Reputation: 193
I have just started python and I have about 6000 .txt files each containing few numbers in a column like:
file1.txt:
2
43
78
file2.txt:
98
12
and so on
I want to read them and store them in an array and calculate its mean. Mean of (2,43,78,98,12..) i.e. all numbers from all files should give 1 mean When I read and store them, they look like:
['2, 43, 78', '98, 12',..]
... ( I got rid of the '\n')
But when I use ave = sum(a)\float(len(a))
I get an error.
What am I doing wrong?
Is there anything I missed or another way to do this?
Code:
import fnmatch
import os
rootPath = 'D:/Data'
pattern = '*.txt'
all_data = []
for root, dirs, files in os.walk(rootPath):
for filename in fnmatch.filter(files, pattern):
#print( filename )
name = os.path.join(root, filename)
str = open(name, 'r').read()
#print str
all_data.append(str)
a=[item.replace('\n', ' ') for item in all_data]
#print a
for val in a:
values = map(float, val.split(", "))
ave = sum(values)/len(values)
print ave
I get error:
invalid literal for float()
Upvotes: 1
Views: 1257
Reputation: 7186
sum("abc")
is not defined. Neither is sum("2, 43")
. sum
works only on numeric types.
You need to split the line first and convert the values to a numeric value (I used float
here, because then the sum
will be a float
, so there is no need to convert the len
to a float
):
rows = ['2 43 78', '98 12']
total_sum = total_len = 0
for row in rows:
values = map(float, row.split())
total_sum += sum(values)
total_len += len(values)
print total_sum/total_len
For Python 3.x replace the print avg
with print(avg)
and add a list()
around the map
, because otherwise len
is not defined for it.
This is similar to what @VadimK has in his answer, but avoids list addition and just does integer addition instead.
Upvotes: 3
Reputation: 22443
Simple method using glob
for linux
import glob
tot_list=[]
for i in glob.glob('*.txt'): #Return a list of .txt files in current directory
# print('file:', i)
with open(i) as f: #Open file, read lines
lines = f.readlines()
for x in lines: # process each line
try:
x=int(x) #Test for integer value
tot_list.append(x) #Include in list
except:
pass
print('Total:',sum(tot_list),'No of Items:',len(tot_list))

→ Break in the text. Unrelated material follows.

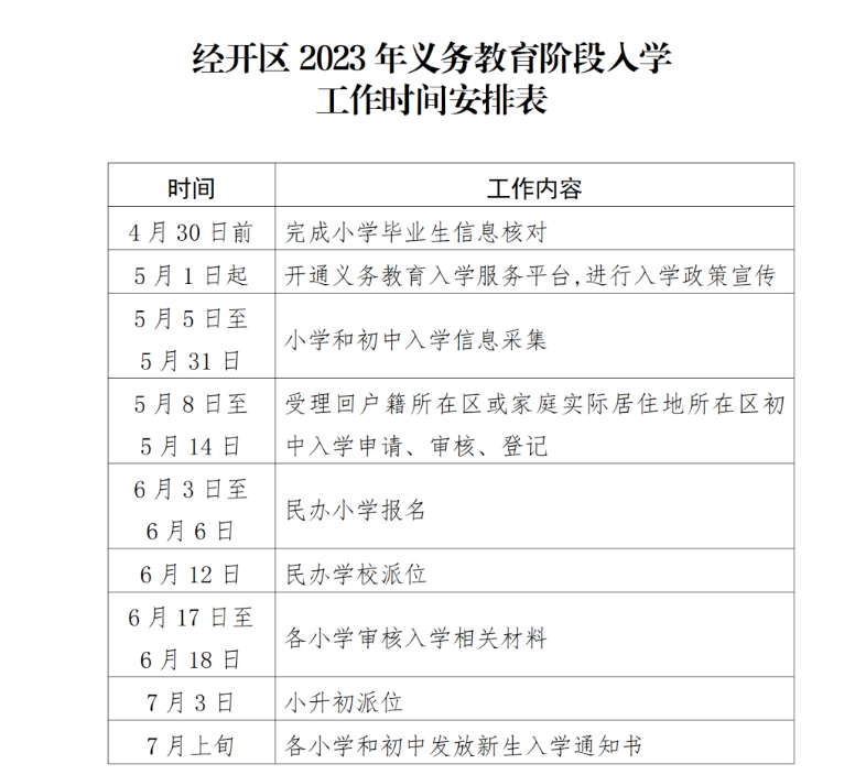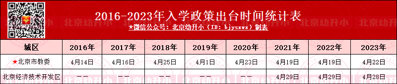 参考近几年,北京市义务教育政策、经开区入学政策集中于四月中下旬发布,详细时间可参考下图:

print('Mean : %.2f' % (sum(tot_list)*1.0/len(tot_list))) #Print floating point result to 2 decimal places
Upvotes: 0
Reputation: 129
I think it could be better to map numbers after reading file like:
total_list = []
for file in files:
str_list = file.read().splitlines() # ['1', '2', '3', '4', '5', '6']

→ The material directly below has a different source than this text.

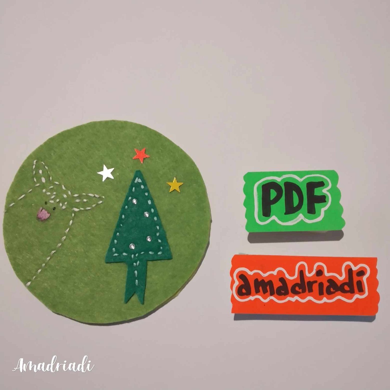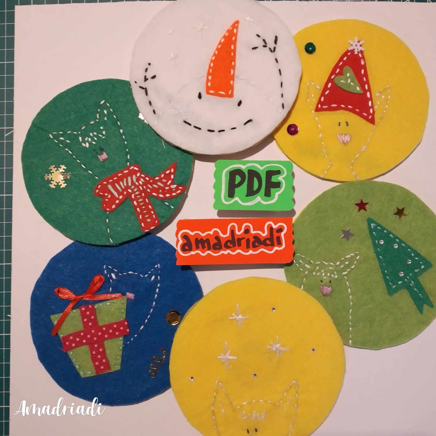 -6 Fun designs. Embroidered and sewn. To use them as coasters at Christmas.

int_list = map(int, str_list) # [1, 2, 3, 4, 5, 6]
total_list += int_list
ave = sum(total_list) / float(len(total_list))
Upvotes: 1
Reputation: 48067
Simple approach using list comprehension as:
>>> my_list = ['2, 43, 78', '98, 12']
>>> my_nums = [float(j) for i in my_list for j in i.split(', ')]
>>> avg = sum(my_nums)/float(len(my_nums))
>>> avg
46.6
Upvotes: 2